BRIEF: Your copy of the entries below should hold exactly the lines from the one containing "The easy-grip handles" to the one containing "There is being", inclusive, and no pictures.

DATA UNDER STUDY:
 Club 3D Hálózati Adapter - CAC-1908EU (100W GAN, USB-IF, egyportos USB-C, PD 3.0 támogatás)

...

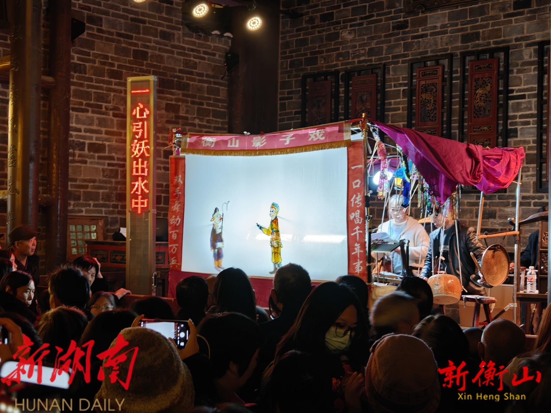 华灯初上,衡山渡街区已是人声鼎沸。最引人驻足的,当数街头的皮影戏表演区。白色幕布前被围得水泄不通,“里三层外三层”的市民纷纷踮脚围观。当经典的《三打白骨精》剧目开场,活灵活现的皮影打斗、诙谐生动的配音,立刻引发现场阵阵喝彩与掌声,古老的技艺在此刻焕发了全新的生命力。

---

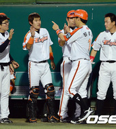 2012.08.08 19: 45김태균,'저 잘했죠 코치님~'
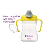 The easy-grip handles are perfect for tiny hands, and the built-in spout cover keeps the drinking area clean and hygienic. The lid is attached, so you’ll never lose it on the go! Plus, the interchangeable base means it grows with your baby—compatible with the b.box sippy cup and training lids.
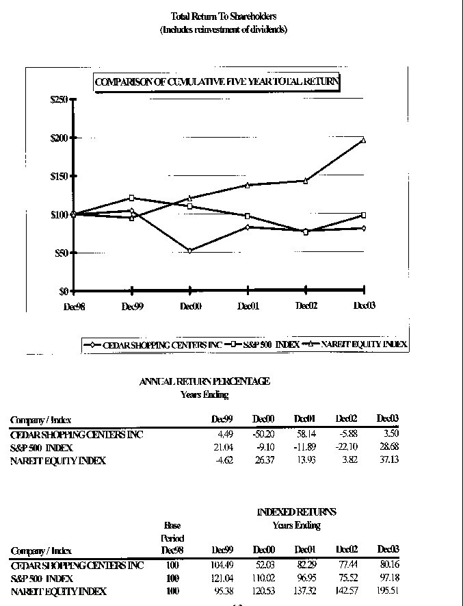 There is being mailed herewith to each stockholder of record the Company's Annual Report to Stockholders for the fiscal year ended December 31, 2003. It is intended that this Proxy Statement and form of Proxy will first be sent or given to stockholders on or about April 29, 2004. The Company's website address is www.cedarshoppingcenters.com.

TASK RESPONSE:
 The easy-grip handles are perfect for tiny hands, and the built-in spout cover keeps the drinking area clean and hygienic. The lid is attached, so you’ll never lose it on the go! Plus, the interchangeable base means it grows with your baby—compatible with the b.box sippy cup and training lids.
 There is being mailed herewith to each stockholder of record the Company's Annual Report to Stockholders for the fiscal year ended December 31, 2003. It is intended that this Proxy Statement and form of Proxy will first be sent or given to stockholders on or about April 29, 2004. The Company's website address is www.cedarshoppingcenters.com.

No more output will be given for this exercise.